Na
parede do quarto 9B, o retrato de uma menina chama a atenção. É uma garota
vestida de Papai Noel. Nos braços, segura um urso de pelúcia, mas não sorri.
"Ela tinha cinco anos nessa época", conta o pai José Ramirez, de 41.
Há 20 dias no Brasil, ele é
um dos 162 venezuelanos que, desempregados e sem ter para onde ir, decidiram
ocupar um prédio abandonado do governo do estado no bairro São Francisco, área
nobre de Boa Vista.
Imagens mostram rotina de
prédios ocupados por venezuelanos em Boa Vista
O edifício, vazio há pelo
menos 10 anos, foi sede da antiga Secretaria de Gestão Estratégica e
Administração (Segad), tem graves problemas estruturais e corre até o risco de
desabar, segundo a Defesa Civil estadual. Mesmo assim, há uma semana, o cenário
por lá mudou. As salas viraram 52 quartos, divididos nos blocos 'A' e 'B'.
O local não é o único
ocupado. Um outro grupo de venezuelanos também começou a usar, há cerca de um
mês, o Teatro Carlos Gomes, no Centro da cidade, para guardar objetos e se
abrigar da chuva. Nesta quarta-feira (14), a Polícia Militar esteve lá para
tirá-los, mas entrou em acordo. Foi definido que o prédio não pode servir como
abrigo, mas apenas como depósito, pois é inseguro.
Na antiga Segad, as
instalações são precárias. Lençóis velhos e manchados são usados como portas.

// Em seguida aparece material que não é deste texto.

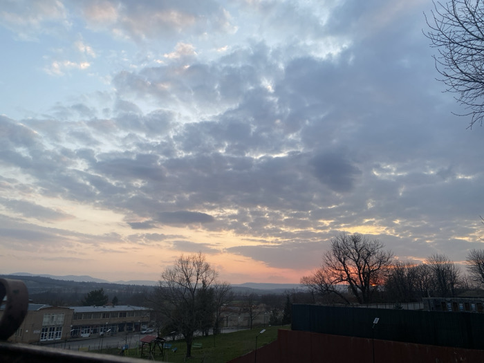 The image depicts an expansive view of Alvanovo, Bulgaria, at either sunrise or sunset. The sky is predominantly overcast with numerous grey and bluish clouds, while the lower horizon exhibits a distinct band of orange and pink light. In the immediate foreground, a dark, curved metallic railing or balustrade partially obstructs the lower-left corner. Below the horizon line, to the left, a light-colored, multi-story building with multiple windows and a flat roof is visible, with several vehicles parked on a paved area in front of it. Adjacent to this building, a small green area features playground equipment, including a slide and swing set. Throughout the midground, several large, bare deciduous trees are silhouetted against the sky, particularly on the right side. Further right, a dark, solid wall or fence-like structure runs horizontally, partially obscuring additional buildings and trees behind it. Distant hills or mountains form the far horizon across the left and central background. No individuals or specific actions are discernible.
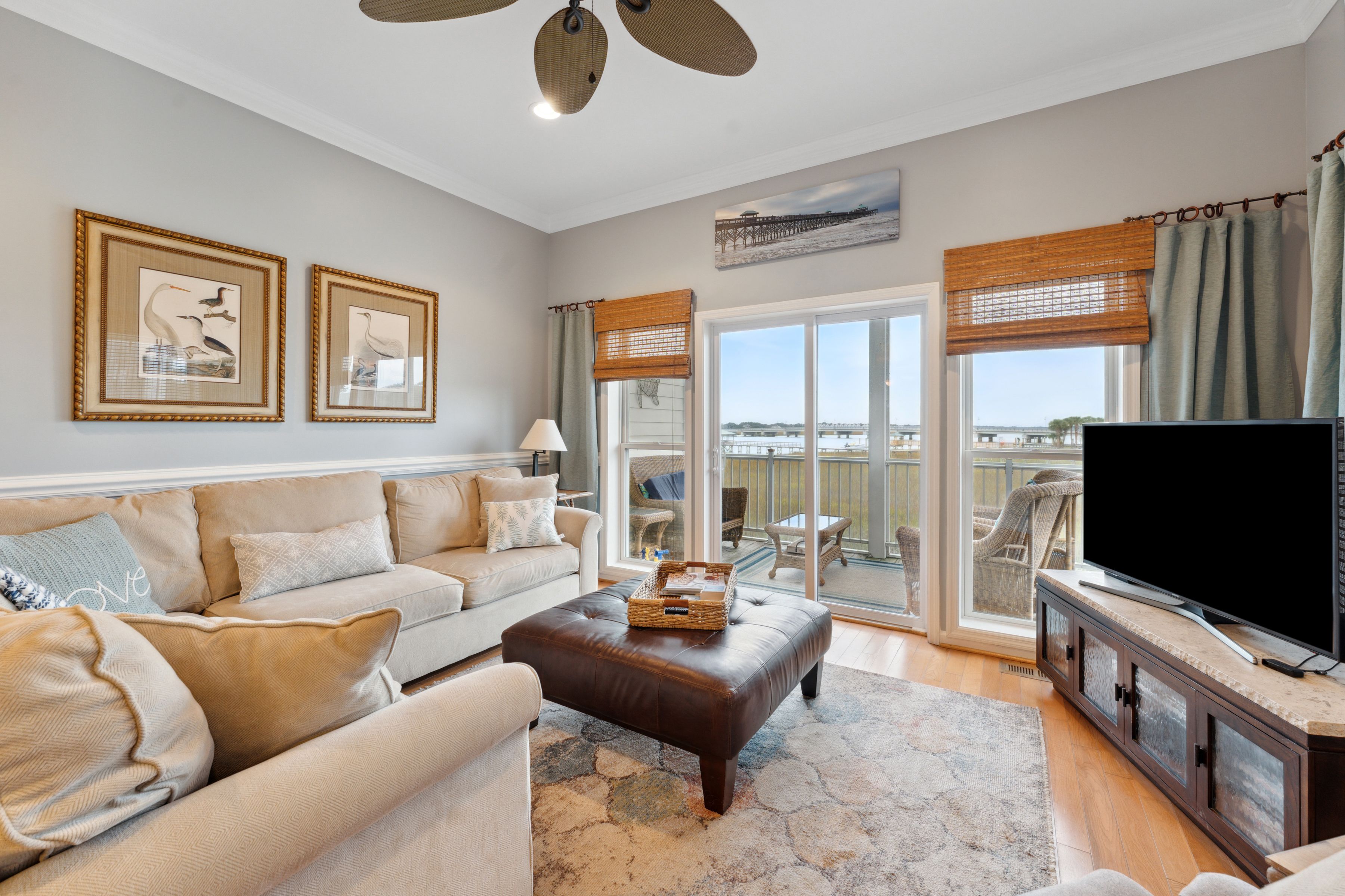 This waterfront retreat is in a beloved location on Folly Beach, facing Ashley River. Admire sunrises, sunsets, and beautiful water views – see if you can spot dolphins – from the sun porch and gazebo. When you’re not admiring the view, you can explore the area on foot or by bike – your host generously provides bikes as well as kayaks and a paddleboard. You can also fish and crab from the dock. The house is perfect for a family, with a cosy living space, a fully equipped kitchen, and three beautiful bedrooms. Historic Charleston is just a twenty-minute drive away.

Não há energia elétrica, e os corredores são escuros. As torneiras estão secas.
A única fonte d’água – usada para matar a sede e para lavar roupas – são dois
canos que vêm da rua.
Também não há fogões,
panelas, cômodas ou geladeiras. Muitas paredes estão pichadas com palavras e
desenhos obscenos, marcas deixadas por invasores que, por anos, entraram e
saíram do prédio abandonado.
Sem a estrutura de uma única
cozinha, a alimentação é, na maioria das vezes, garantida por doações de
igrejas e de grupos da sociedade civil. Os banheiros também são improvisados, e
é normal ver gente tomando banho no pátio interno, onde um cano esguicha água.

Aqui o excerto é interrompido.